Kondisi infrastruktur saat ini, dengan pembangunan yang melambat selama pandemi, tidak lagi dapat mengakomodasi kebutuhan pertumbuhan ekonomi jangka menengah panjang. Ruang fiskal yang tercipta dari reformasi subsidi harus dialokasikan kembali untuk pembangunan infrastruktur
Untuk mencapai pertumbuhan jangka menengah dan panjang yang lebih kuat, kebijakan makroekonomi yang hati-hati saja tidaklah cukup. Hal ini harus dibarengi dengan reformasi perdagangan dan investasi yang diperlukan untuk mengembangkan industri manufaktur yang lebih kuat dan berdaya saing, yang merupakan penggerak pertumbuhan ekonomi.
Pertumbuhan industri manufaktur Indonesia dalam satu dekade terakhir masih lesu, hanya separuh dari pertumbuhan beberapa dekade sebelumnya.
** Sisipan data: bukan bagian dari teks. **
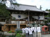 8時30分に2日目最初の札所に到着。1日目は寺間の移動距離は短かったが、2日目は短いところもあるが、クルマルートだと40キロ以上離れたところもある。歩き遍路ならクルマの通れないところを歩くことになる。少しでも時間を短縮するためにか、山門前の記念写真は効率よく廻すように数人まとめて並ぶようになる。それでも各人のカメラで写してもらえる。

Menurut Bank Dunia, pangsa ekspor manufaktur Indonesia terhadap ekspor dunia mengalami stagnasi. Sementara industri manufaktur di Malaysia, Thailand dan Vietnam telah mencapai tingkat teknologi dan kecanggihan yang lebih tinggi, manufaktur di Indonesia masih berbasis teknologi dan perakitan sederhana.
Perkembangan industri manufaktur, termasuk industri yang berorientasi ekspor, memerlukan input yang berkualitas baik, termasuk input yang berasal dari impor. Namun berbagai kebijakan pemerintah, termasuk Non-Tariff Measures (NTMs) dan pembatasan jasa membatasi modernisasi industri manufaktur kita. Untuk mengatasi masalah ini diperlukan reformasi ekonomi, tetapi reformasi yang berhasil membutuhkan komitmen politik dan konsensus politik, yang dalam sistem politik yang demokratis tidak mudah dicapai.
Oleh karena itu, perkembangan perekonomian pada tahun 2023 dan seterusnya bergantung pada kemampuan pemerintah dalam memobilisasi dukungan politik terhadap program reformasi ekonominya.